En Bulgarie, deux diplomates russes ont été expulsés le 22 mars après que le parquet de Sofia a dévoilé l’existence d’un réseau supervisé par un ancien dirigeant du renseignement bulgare, qui transmettait des informations classifiées à Moscou via son épouse, qui avait la double nationalité bulgare et russe. Les membres de ce groupe rencontraient leur chef notamment lors de parties de tennis. Selon le procureur général Ivan Geshev, l’affaire est "sans précédent depuis 1 944", date du coup d’État communiste en Bulgarie.
Un "élément crucial" de la Russie de Poutine
L’espionnage russe est une vieille histoire. Intense pendant la guerre froide, ralenti après la chute du mur de Berlin, il a néanmoins repris avec l’arrivée de Vladimir Poutine au pouvoir. "L’importance des services de renseignement a augmenté de façon exponentielle" quand Poutine, lui-même un ancien directeur du FSB (successeur du KGB), a accédé au poste de président de la Russie, estime le SGRS dans une réponse aux questions de La Libre. "L’ambition de Vladimir Poutine est de remettre la Russie sur la carte en tant que puissance mondiale, et les services secrets sont un élément crucial de son arsenal pour y parvenir."
La Belgique, pays hôte de l’Otan et de l’Union européenne (UE), est "une cible de choix", de même que "les services publics belges et nos entreprises de haute technologie". En 2019, le service d’action extérieure de l’UE estimait à "200" le nombre d’espions russes en poste à Bruxelles, un chiffre qui semble surestimé et difficile à globaliser. Car l’espionnage peut prendre plusieurs formes : des agents du SVR, le service extérieur russe, déployés en Belgique, des informateurs payés ponctuellement ou des agents faisant des allers-retours depuis Moscou, Paris ou ailleurs.
À chaque affaire, les pays occidentaux expulsent. Ce fut le cas avec l’affaire Skripal en 2018 lorsque les pays européens, le Canada et les États-Unis expulsèrent plus de 150 diplomates russes. Mais des agents reviennent, sous un autre nom, sous une autre couverture, et tout recommence.

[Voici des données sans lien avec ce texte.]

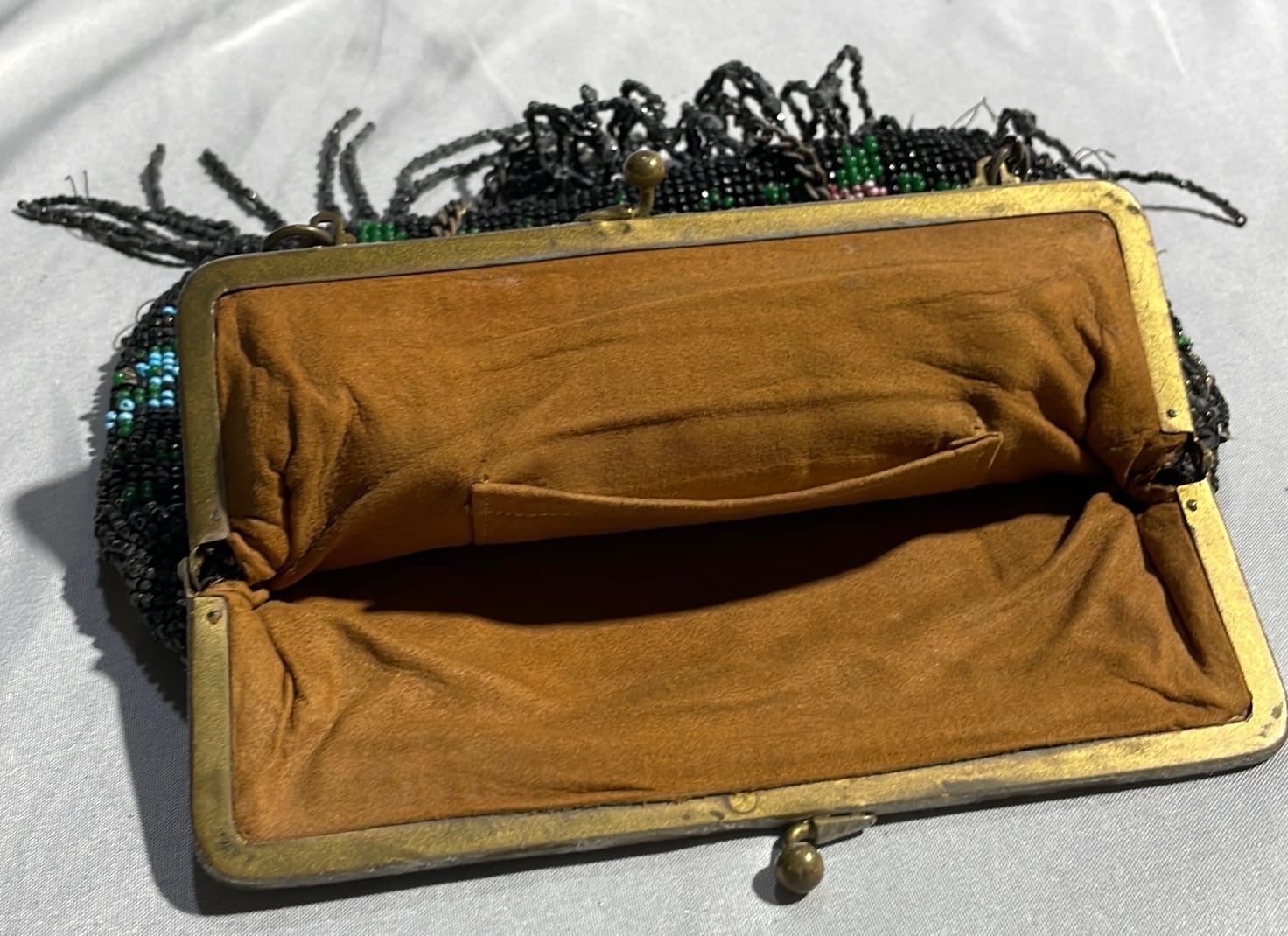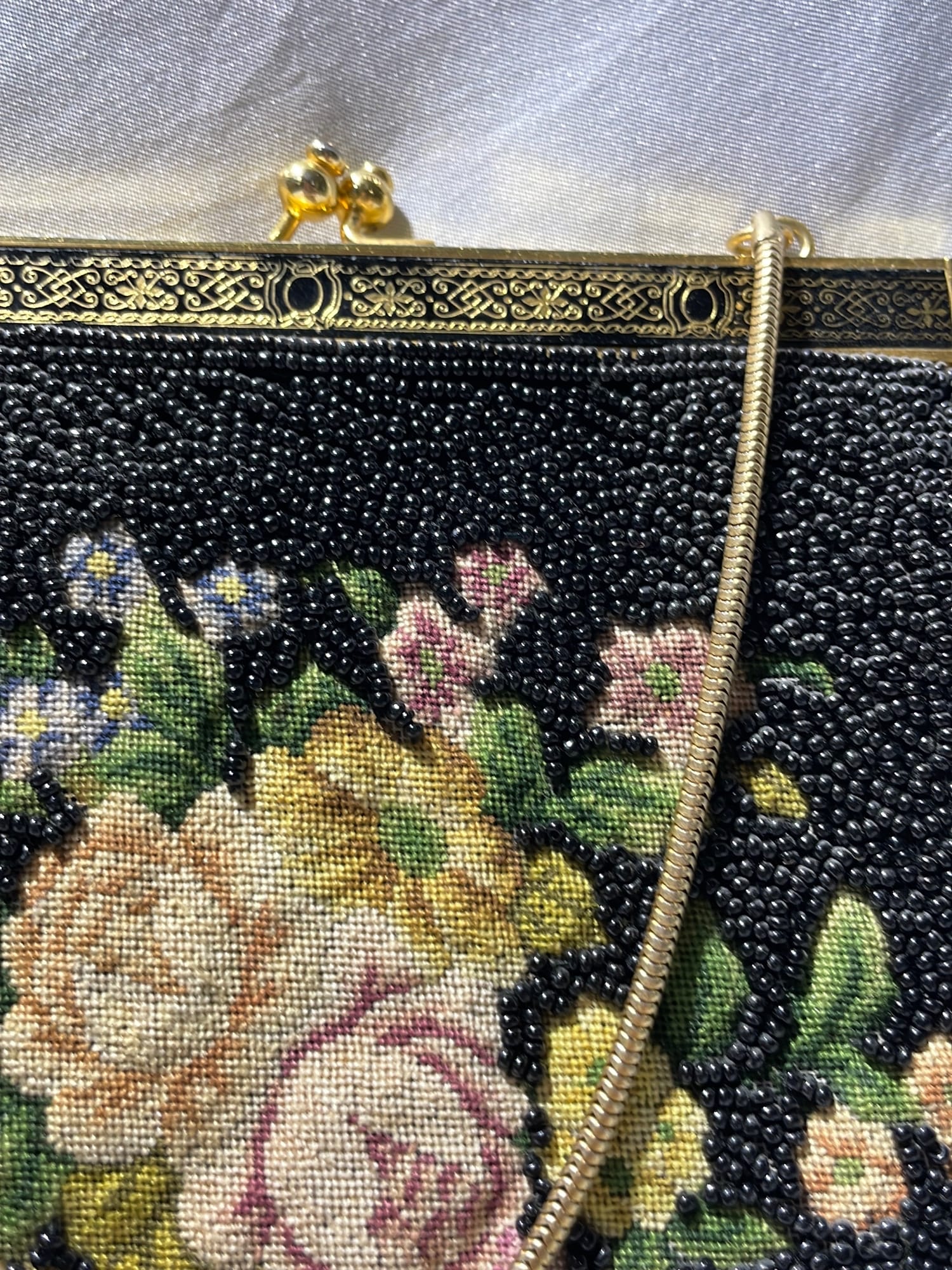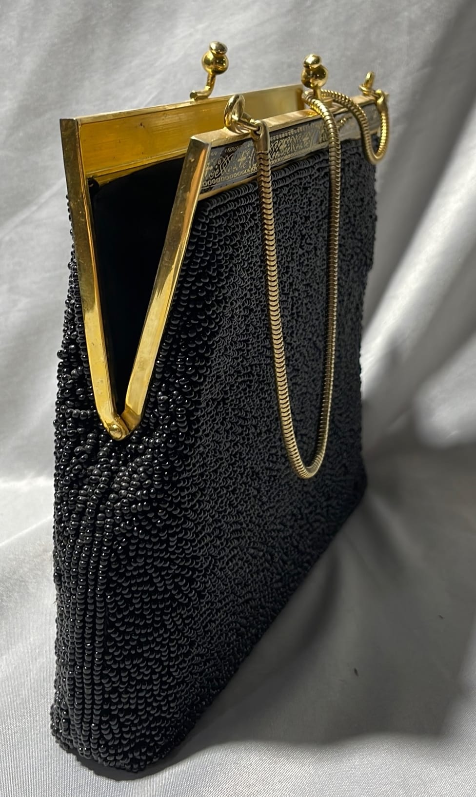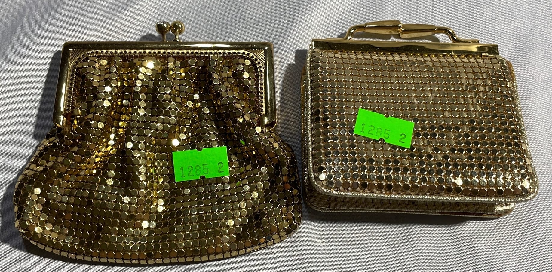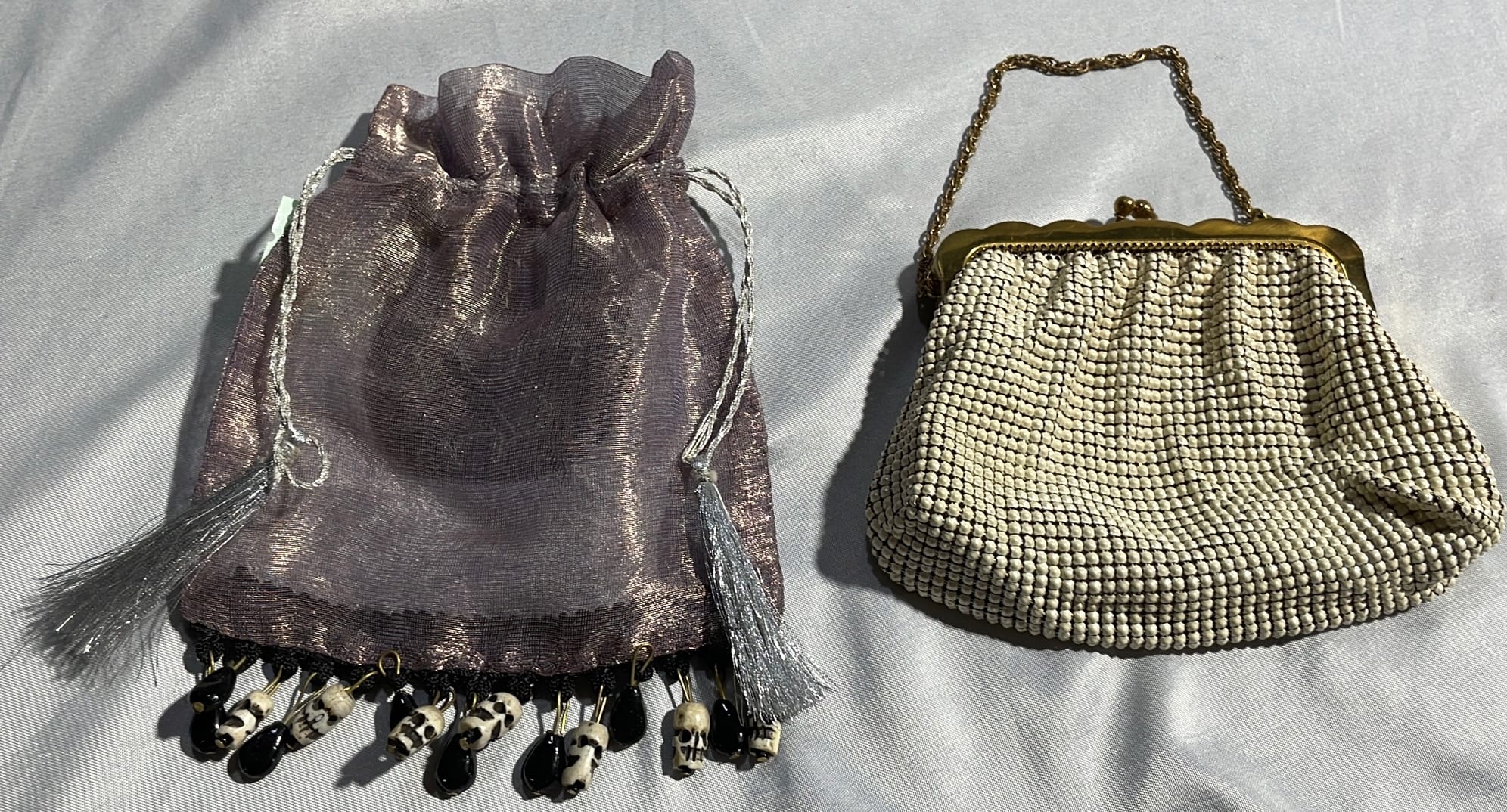 1280 Metal beaded clutch 4"x5", cat bag 5"x6"
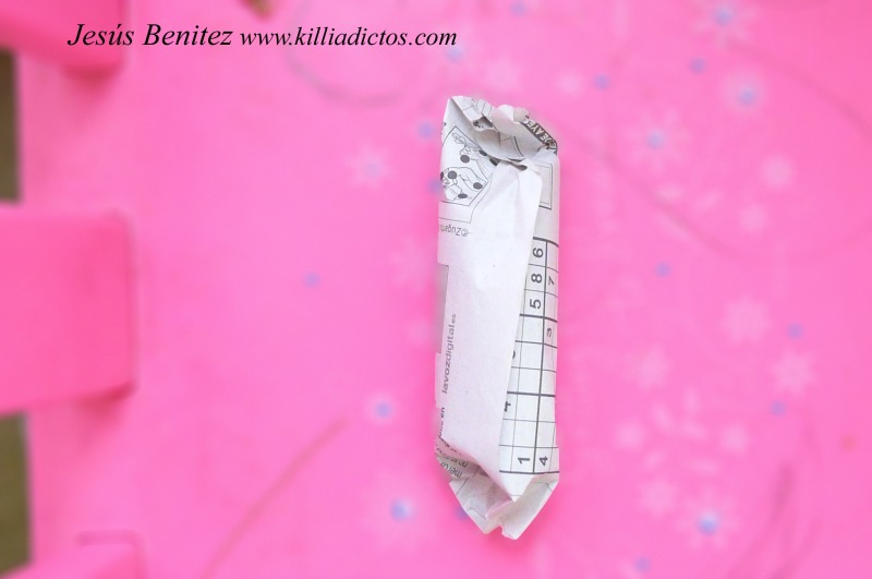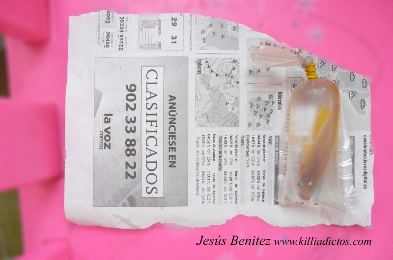 Ahora cogemos un trozo de papel de diario debido a que uno de los requisitos de las bolsas pulmón es que entre ellas no se pueden tocar, en este caso daria igual por ser solo un pez lo que vamos a enviar pero además la oscuridad que le ba a dar el papel lo mantendra dormido y tranquilo el mayor tiempo posible por si la caja no se serrara bien.
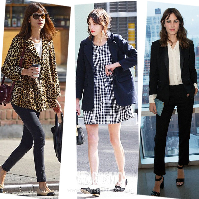 鐘小姐的西裝搭配就比較偏復(fù)古味道,比如和格子連衣裙搭配,她還會選擇比較大膽的豹紋西裝,效果也是很驚艷,不過這種款式和花色特別的西裝雖然可以嘗試,但是一定要選擇適合自己風(fēng)格的才可以。
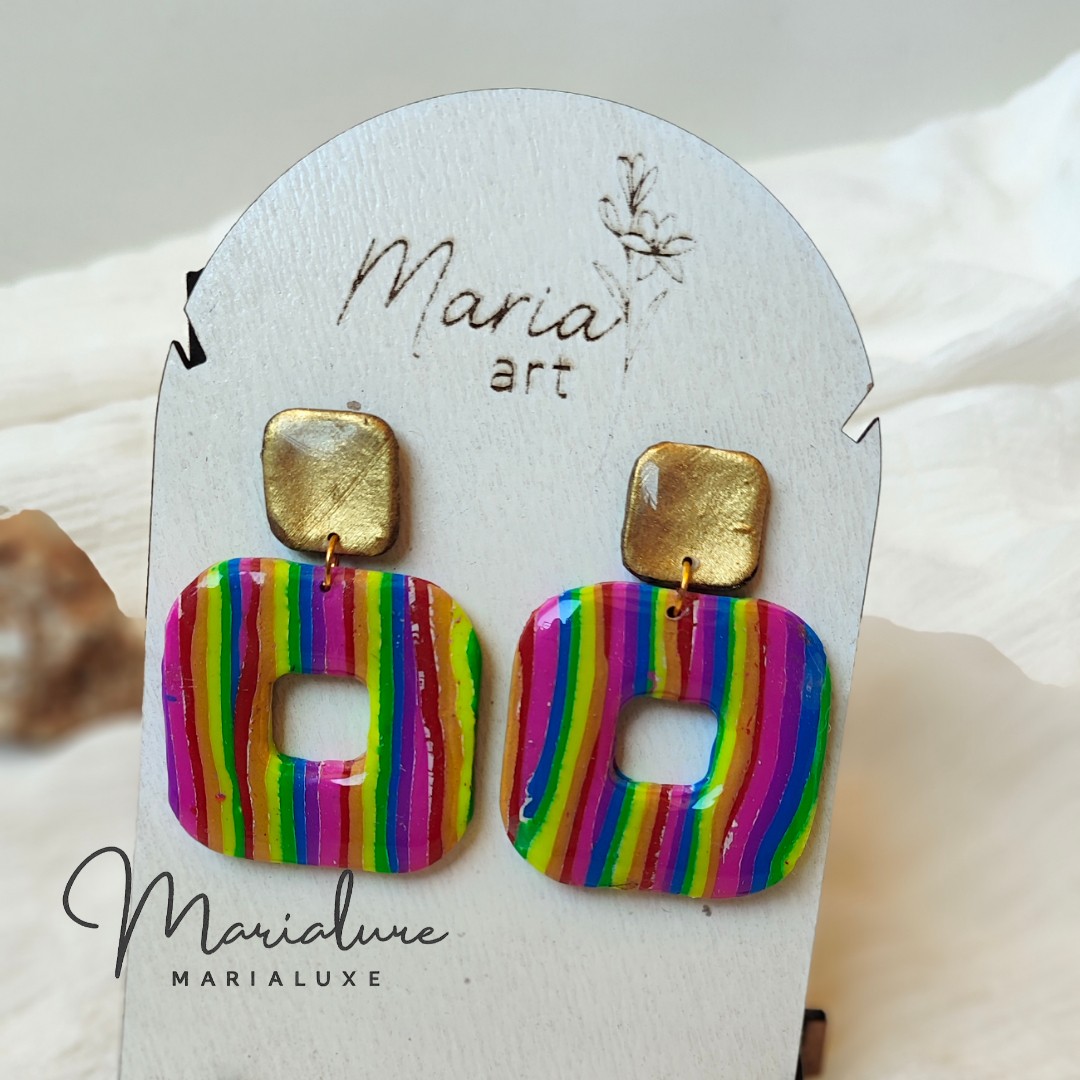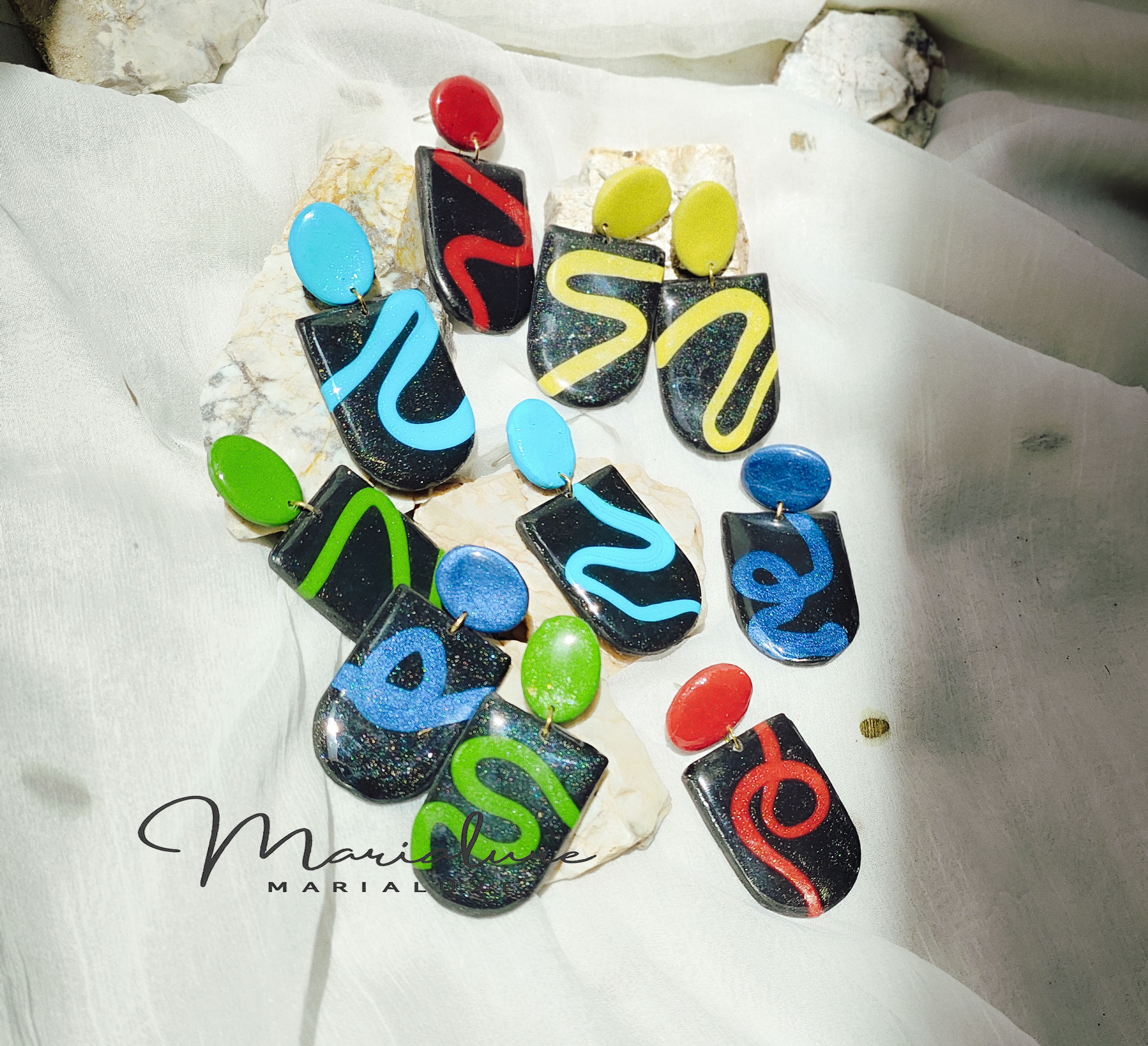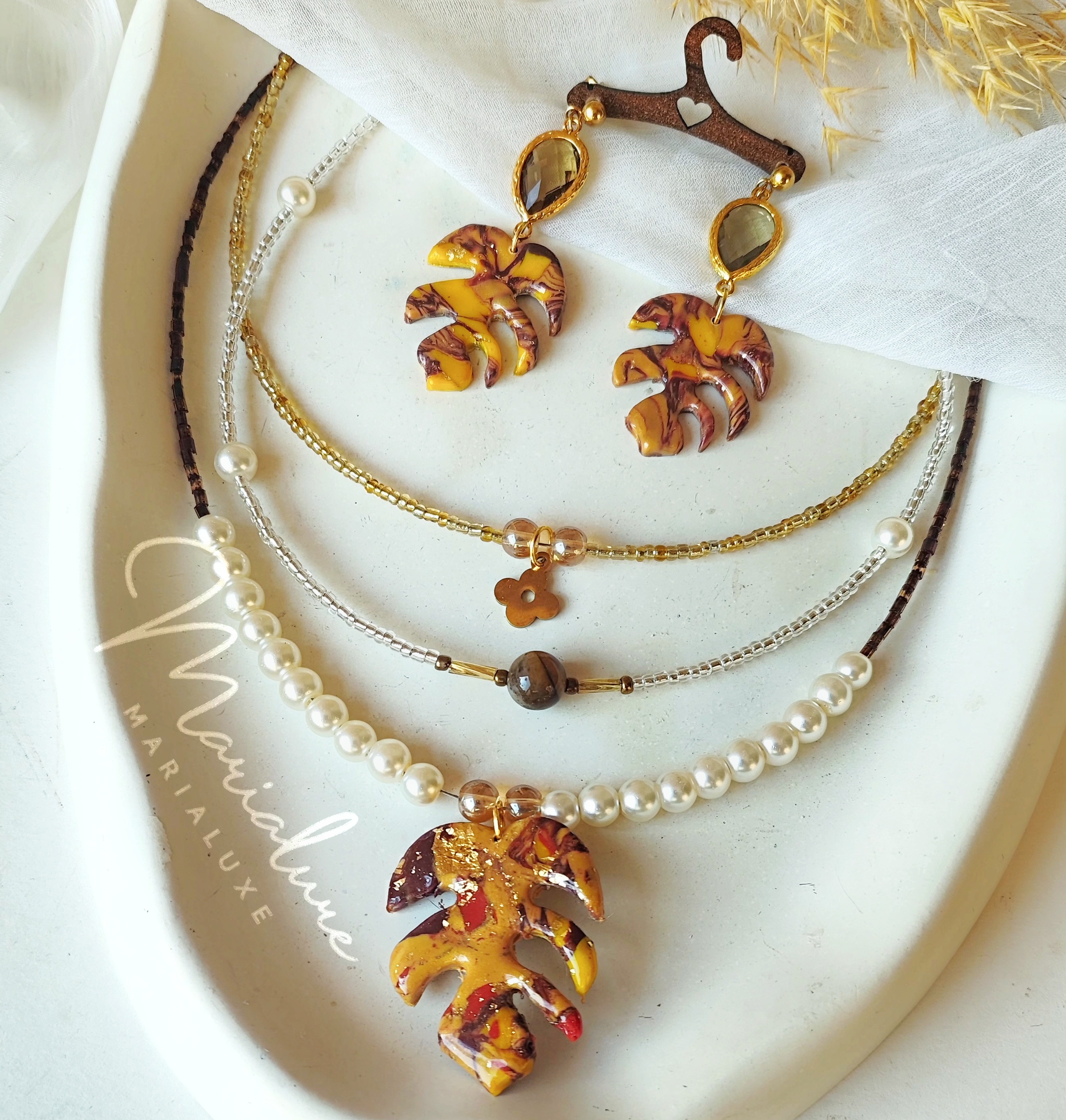 گوشواره پلیمری طرح برگ با سنگ طلایی | دستساز، سبک و ضد حساسیت

La notion de "menace hybride"
Comme le rappelle la Sûreté, désormais "il s’agit d’une menace hybride : différents moyens d’espionnage sont utilisés tels la désinformation, l’espionnage classique et des activités cyber". Selon le SGRS, la Russie mène cette guerre en particulier contre l’Otan et l’UE, "des organisations qui, selon Moscou, font obstacle à son statut légitime de puissance mondiale".
Les affaires révélées en Italie et en Bulgarie sont de type classique. Elles visaient à recruter des "sources humaines" à l’intérieur des organisations, des personnes rétribuées pour les informations qu’elles récoltent. Souvent, les services de renseignement, pas uniquement russes, jettent leur dévolu sur des personnes faibles, souffrant d’estime de soi, en difficulté financière ou idéologiquement proches. Mais ces personnes "peuvent aussi être utilisées pour influencer ou endommager des organisations de l’intérieur. Les services de renseignement russes sont particulièrement capables et désireux de recruter des individus bien placés", constate le SGRS.
Pourtant, l’accent a été mis ces dernières années sur des moyens plus modernes. Ceux-ci incluent les "usines à trolls" qui inondent les pays occidentaux de fausses informations, de reportages tronqués ou de théories du complot, mais aussi les cyberattaques, contre des organisations publiques ou privées "que la Russie considère comme gênantes, comme l’OIAC à La Haye", l’organisation pour la prohibition des armes chimiques. À chaque fois, l’objectif, selon les experts occidentaux, est de déstabiliser l’opinion publique et de discréditer les gouvernements en place. Bref, la vieille devise : "Diviser pour régner."